ABCDE is a right square pyramid. Find the total surface area of the pyramid. Find the volume of the pyramid.
+128475 First, find the slant height = sqrt [ 20^2 - 3^2 ] = sqrt [ 391]
So the area of one triangle = (1/2)(6)sqrt [391] = 3sqrt [391]
So the surface area = 4 * 3sqrt [391] + surface area of the base =
12sqrt [391] + 6^2 = 12 sqrt [ 391 ] + 36 = 12 [ sqrt (391) + 3 ] units^2
To find the volume find the height
The diagonal across the base = 6sqrt 2
So (1/2) of this = 3sqrt (2) = sqrt (18)
So the height = sqrt [ 20^2 - (sqrt 18)^2 ] = sqrt (382)
So the volume = (1/3) area of base * height =
(1/3) 6^2 * sqrt (382) =
12 sqrt (382) units^3
I hope this is correct.
Surface Area: 6*6 = 36 for base. sqrt(391) is the distance from the midpoint of a side to the top of the pyramid, due to Pythagorean Theorem. 3sqrt(391) is the area of one of the sides.
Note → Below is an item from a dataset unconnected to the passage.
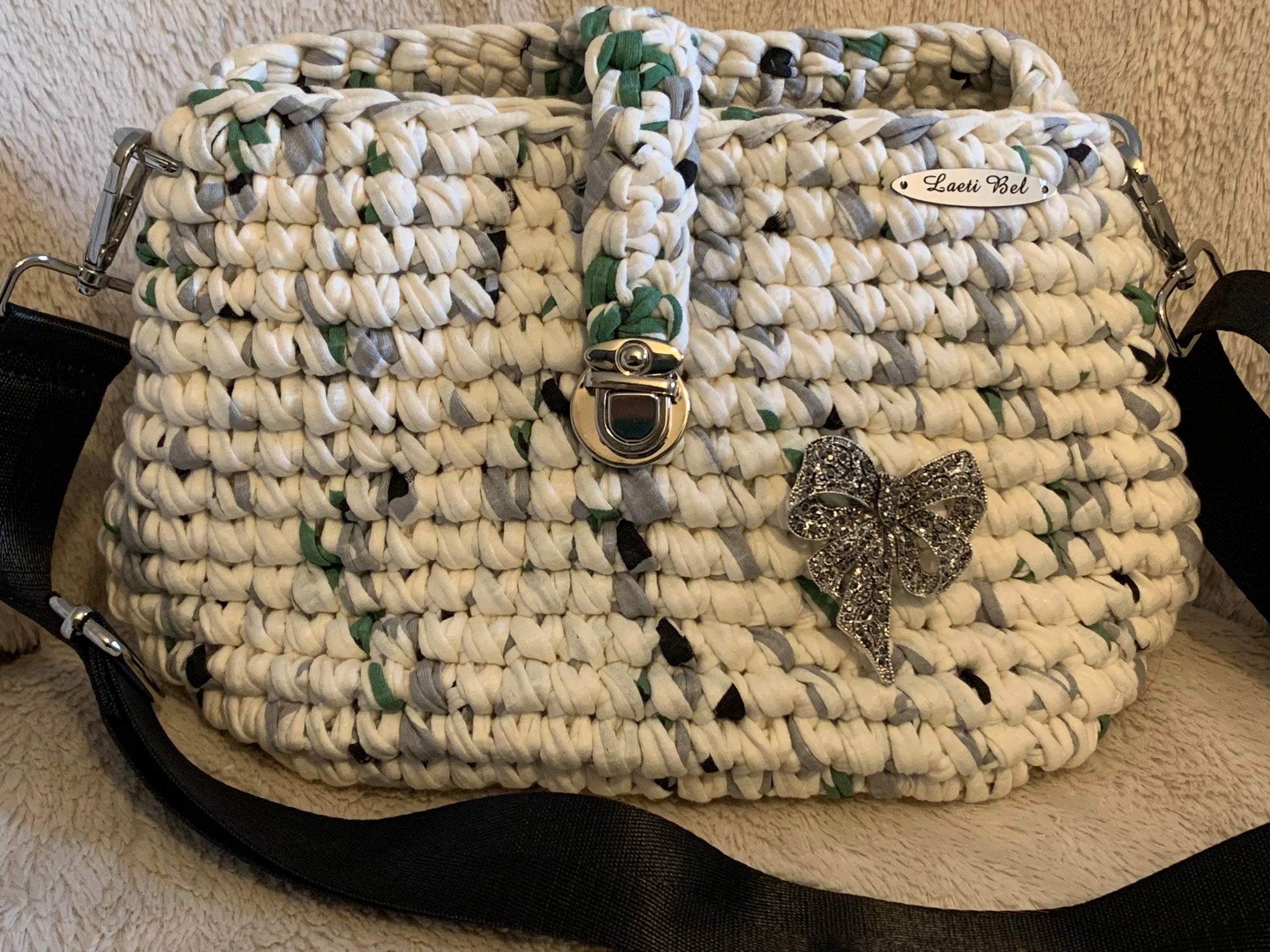 Sac Clara – écru, gris et vert texturé avec nœud argenté

The answer after we multiply that by four and add 36 is 12sqrt(391) + 36.
Volume: The volume of a pyramid is the area of the base times the height, divided by 3. the base is 6*6 = 36. Since the distance from the midpoint of a side to the top of the pyramid is sqrt(391), and the distance from that to the center of the pyramid is 3, we use the Pythagorean Theorem. We find that the height of the pyramid is sqrt(382). Our answer is 12sqrt(382).